OK now hold on here.
A tube, the same diameter and same grade steel, is not as strong as a round bar. It's stronger in tension, compession and shear loadings. All calculations use the area of the cross section. Period.
73CJ
Your absoutely right that an equally sized same grade bar versus a tube
may be stronger. But I have seen charts that show there is a break even point at a suggested wall thickness that can equal the same strength on an equal tube under certain tests.
But getting back to what I stated above was "any tubing that is sized correctly for the application is much stronger and lighter". That statement still holds true!
The conversastion was about Tie Rods and perhaps a Drag Link and the individual was talking about using cold rolled #1018 bar stock versus #1020 DOM tubing.
It is a well known fact that the weight to strength ratio is far better for a tube.
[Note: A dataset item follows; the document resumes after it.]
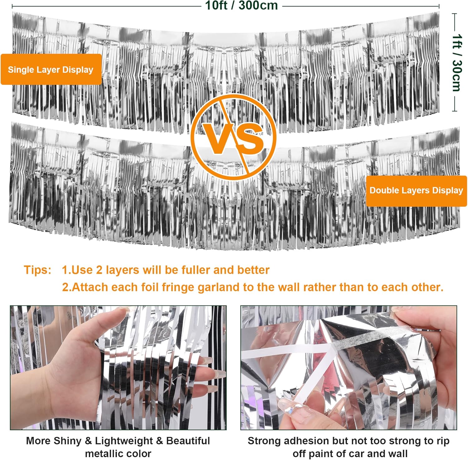 - 【PACKAGE INCLUDES】Comes with 4 packs of Silver foil, 10*1 ft/3*0.3m (L*W ), You can cut it into any size to meet your decoration needs. If you want parade float decoration to be colorful, fuller, thicker and looks better, it is better to use more than 2 packs of fringe float overlapping together. And tape each foil fringe garland on the car/wall, not on top of each other. With these festive metallic streamers, you can take your parade float decorations to the next level.

This is simply because when you stress or bend a solid bar only the outer skin is actually stressed while the core is not contributing much strength at all.
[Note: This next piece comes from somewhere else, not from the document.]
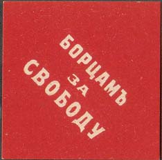 1917 1917 г. Ромб разм. 55 х 55 мм. Одноцветная печать на белой (оттенки) бумаге. Текст в три строки: «Борцам за свободу».

In Bar Stock Metallurgial terms they refer to this as the 90/10 theory whereby the outer 10% bears 90% of the stress and the inner 90% only 10% of the strength, while in the case of the tube you remove a portion of the weight inside which was only contributing 10% of the strength , this is why a tube in the weight to strength ratio is much stronger simply because it retains only the material which contributes the most strength to the member and thereby creates the 4 wall theory.
The difference between the two metal grades mentioned above 1018 versus 1020?
The DOM tubing in Tensile & Yield Strength & Rockwell hardness alone exceed the cold rolled bar by over 8% in all departments. Notwithstanding the excellent memory of the tubing versus the Bar Stock makes this an easy choice.